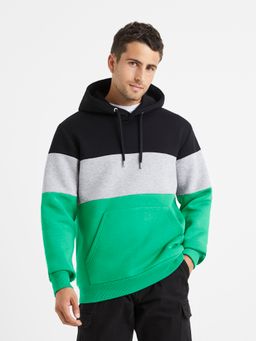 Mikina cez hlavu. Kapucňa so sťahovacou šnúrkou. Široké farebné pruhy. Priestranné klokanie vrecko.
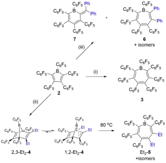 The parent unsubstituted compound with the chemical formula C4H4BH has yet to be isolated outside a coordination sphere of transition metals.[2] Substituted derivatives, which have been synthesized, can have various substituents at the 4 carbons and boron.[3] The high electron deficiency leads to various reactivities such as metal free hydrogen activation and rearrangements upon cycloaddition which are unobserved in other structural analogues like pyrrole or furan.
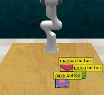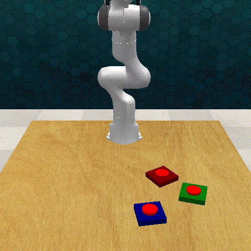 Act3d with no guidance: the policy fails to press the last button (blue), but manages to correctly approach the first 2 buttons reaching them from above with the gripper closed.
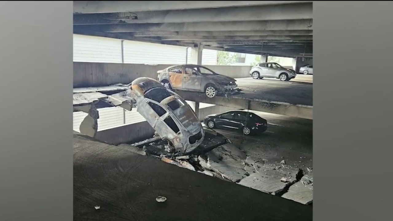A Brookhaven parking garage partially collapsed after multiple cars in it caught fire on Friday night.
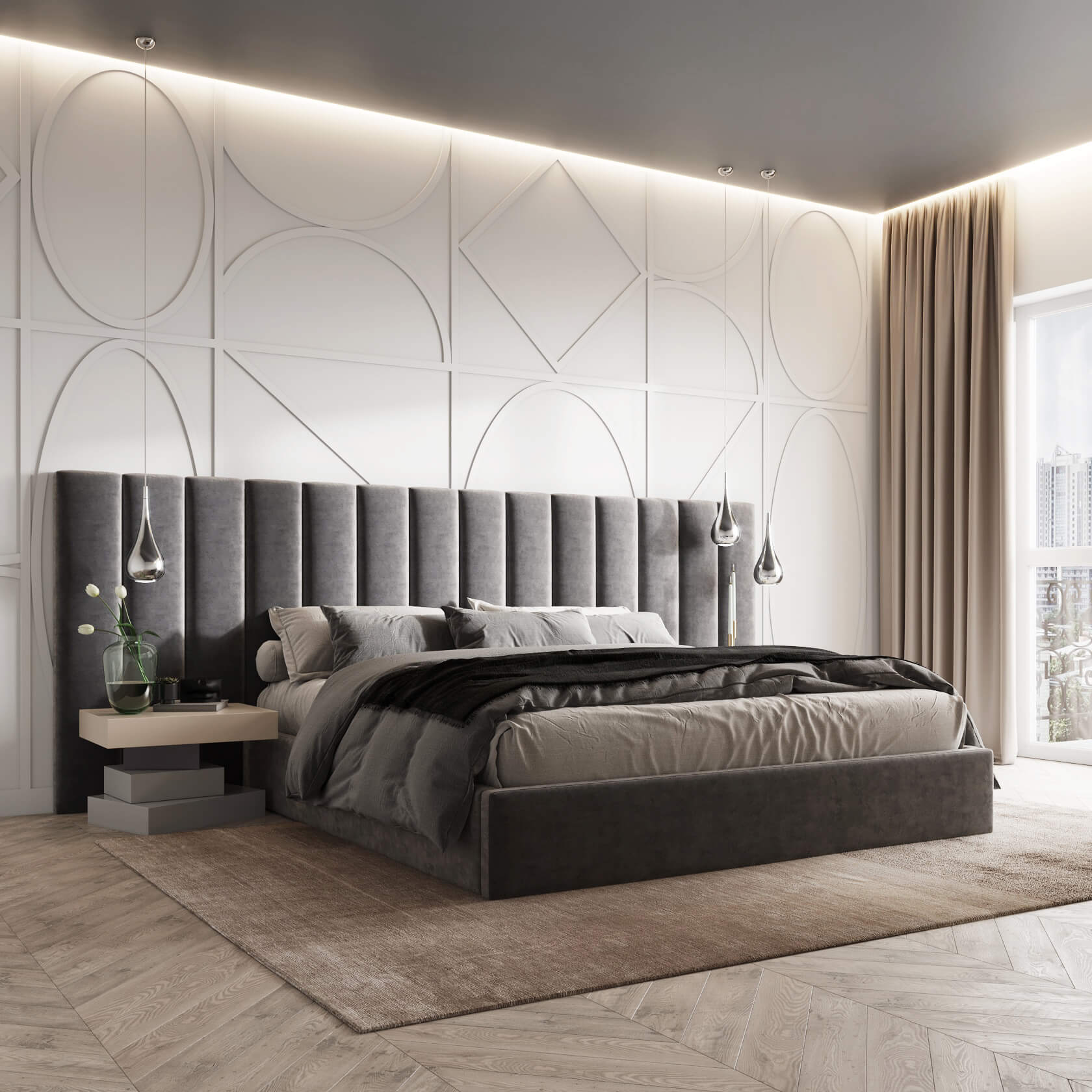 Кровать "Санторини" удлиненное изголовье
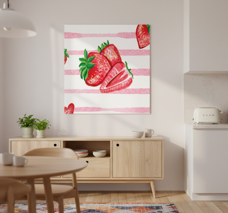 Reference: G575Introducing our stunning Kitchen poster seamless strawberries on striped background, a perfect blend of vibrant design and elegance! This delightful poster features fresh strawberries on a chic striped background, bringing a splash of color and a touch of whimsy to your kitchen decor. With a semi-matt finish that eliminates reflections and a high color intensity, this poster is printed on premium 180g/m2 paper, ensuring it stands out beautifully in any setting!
------------------------------------------------
**Directions**. Restate the records above in full, word for word. Keep pictures out.

**Answer to the problem**.
 Mikina cez hlavu. Kapucňa so sťahovacou šnúrkou. Široké farebné pruhy. Priestranné klokanie vrecko.
 The parent unsubstituted compound with the chemical formula C4H4BH has yet to be isolated outside a coordination sphere of transition metals.[2] Substituted derivatives, which have been synthesized, can have various substituents at the 4 carbons and boron.[3] The high electron deficiency leads to various reactivities such as metal free hydrogen activation and rearrangements upon cycloaddition which are unobserved in other structural analogues like pyrrole or furan.
 Act3d with no guidance: the policy fails to press the last button (blue), but manages to correctly approach the first 2 buttons reaching them from above with the gripper closed.
A Brookhaven parking garage partially collapsed after multiple cars in it caught fire on Friday night.
 Кровать "Санторини" удлиненное изголовье
 Reference: G575Introducing our stunning Kitchen poster seamless strawberries on striped background, a perfect blend of vibrant design and elegance! This delightful poster features fresh strawberries on a chic striped background, bringing a splash of color and a touch of whimsy to your kitchen decor. With a semi-matt finish that eliminates reflections and a high color intensity, this poster is printed on premium 180g/m2 paper, ensuring it stands out beautifully in any setting!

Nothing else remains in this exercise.